Back then, the symbol that indicated an account was verified looked essentially the same as it does today: a white check mark in a blue badge. Mr Stone called it a “verification seal”.

At the end of June 2009, Mr. La Russa ended his trial. He is asset on Twitter, where he mainly promotes his animal rescue foundation and comments on baseball. Mr. La Russa resigned as manager of the Chicago White Sox last month to deal with health issues.

In the more than 13 years since the introduction of the blue tick badge, it has proven to be fallible.

In August 2021, the agent of Cormac McCarthy, the Pulitzer Prize-winning author, said that a verified account in the author’s name, which shared thoughts about kombucha and TikTok, was not his.

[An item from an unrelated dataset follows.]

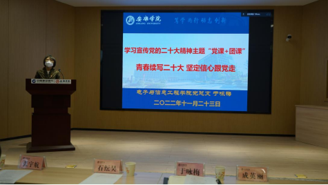 (一)强化思想政治引领,画好团结奋斗“同心圆”。电信学院团总支始终聚焦团员青年成长特点,围绕学院“五色”育人模式,不断延展课堂“半径”,丰富育人主体和渠道。组织各团支部深入开展“青年大学习”主题教育活动,全院年均青年大学习率达94.61%;以“线上”“线下”相结合的方式扎实开展各类主题团课、主题团日活动,全年在“抗日战争胜利76周年纪念日”、“烈士纪念日”、“国家公祭日”、“宪法日”等特殊的时间节点开展主题团日活动15次,并在全院范围内开展“喜迎二十大、永远跟党走、奋进新征程”主题教育团干部上团课活动;按照校团委关于“青年马克思主义者培养工程”工作的部署和要求,致力于培养一批具有忠诚政治品格、浓厚家国情怀、扎实理论功底、突出能力素质,忠恕任事、人品服众的青年政治骨干;工作中充分学生专业特长,依托微视频载体,全面提升对于团员青年思想政治教育的覆盖面、供给量。组织2022级新生学唱团歌、校歌,组织学生拍摄包含青年风貌、环境保护、党史国史等不同题材微视频28部,其中为献礼建团100周年,历时25天制作的短视频《青春的模样》,获得学院领导高度认可,并发布在教育厅网站——厅网视频板块。

In November 2019, Twitter criticized the Conservative Party of Britain for its “attempts to mislead people” after the party temporarily changed the name of “CCHQPress”, one of its verified accounts, to ” factcheckUK” during an election debate. Two years earlier, Twitter temporarily halted its verification program after it verified an account belonging to a prominent white supremacist and was criticized by people who saw it as an endorsement.

In recent years, people have complained about not being verified and being confused about how the process works. In May 2021, Twitter made the process easier by allowing users to apply to be verified.

If Mr. Musk is successful, the ambiguities of this system could soon be clarified with hard cash.